The maximum amount of time to wait for an .evaluate() statement to complete.

const nightmare = Nightmare({
  executionTimeout: 1000 // in ms
})
paths

The default system paths that Electron knows about. Here's a list of available paths: https://github.com/atom/electron/blob/master/docs/api/app.md#appgetpathname

You can overwrite them in Nightmare by doing the following:

const nightmare = Nightmare({
  paths: {
    userData: '/user/data'
  }
})
switches

The command line switches used by the Chrome browser that are also supported by Electron. Here's a list of supported Chrome command line switches: https://github.com/atom/electron/blob/master/docs/api/chrome-command-line-switches.md

const nightmare = Nightmare({
  switches: {
    'proxy-server': '1.2.3.4:5678',
    'ignore-certificate-errors': true
  }
})
electronPath

The path to the prebuilt Electron binary. This is useful for testing on different versions of Electron. Note that Nightmare only supports the version on which this package depends. Use this option at your own risk.

const nightmare = Nightmare({
  electronPath: require('electron')
})
dock (OS X)

A boolean to optionally show the Electron icon in the dock (defaults to false). This is useful for testing purposes.

const nightmare = Nightmare({
  dock: true
})
openDevTools

Optionally shows the DevTools in the Electron window using true, or use an object hash containing mode: 'detach' to show in a separate window. The hash gets passed to contents.openDevTools() to be handled. This is also useful for testing purposes. Note that this option is honored only if show is set to true.

const nightmare = Nightmare({
  openDevTools: {
    mode: 'detach'
  },
  show: true
})
typeInterval (default: 100ms)

How long to wait between keystrokes when using .type().

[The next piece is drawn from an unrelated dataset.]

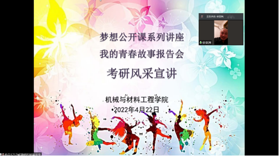 4月21日-22日晚7:00,机械与材料工程学院在腾讯会议开展梦想公开课系列讲座“我的青春故事报告会”,暨考研风采宣讲,王奕羡、王啸海、贺玉洁、谯兴龙、王小伟、徐子晴六位同学交流考研经验。学院关工委副主任徐亚洲、学工办主任郁大同、团委副书记郭巧会参加报告会,学生涂畅、臧潇晴为主持人,大一至大三共计两百余名同学参加。

const nightmare = Nightmare({
  typeInterval: 20
})
pollInterval (default: 250ms)

How long to wait between checks for the .wait() condition to be successful.

const nightmare = Nightmare({
  pollInterval: 50 //in ms
})
maxAuthRetries (default: 3)

Defines the number of times to retry an authentication when set up with .authenticate().

const nightmare = Nightmare({
  maxAuthRetries: 3
})
certificateSubjectName

A string to determine the client certificate selected by electron. If this options is set, the select-client-certificate event will be set to loop through the certificateList and find the first certificate that matches subjectName on the electron Certificate Object.

const nightmare = Nightmare({
  certificateSubjectName: 'tester'
})
.engineVersions()

Gets the versions for Electron and Chromium.

.useragent(useragent)

Sets the useragent used by electron.

.authentication(user, password)

Sets the user and password for accessing a web page using basic authentication. Be sure to set it before calling .goto(url).

.end()

Completes any queue operations, disconnect and close the electron process. Note that if you're using promises, .then() must be called after .end() to run the .end() task. Also note that if using an .end() callback, the .end() call is equivalent to calling .end() followed by .then(fn). Consider:

nightmare
  .goto(someUrl)
  .end(() => 'some value')
  //prints "some value"
  .then(console.log)
.halt(error, done)

Clears all queued operations, kills the electron process, and passes error message or 'Nightmare Halted' to an unresolved promise. Done will be called after the process has exited.

Interact with the Page

.goto(url[, headers])

Loads the page at url. Optionally, a headers hash can be supplied to set headers on the goto request.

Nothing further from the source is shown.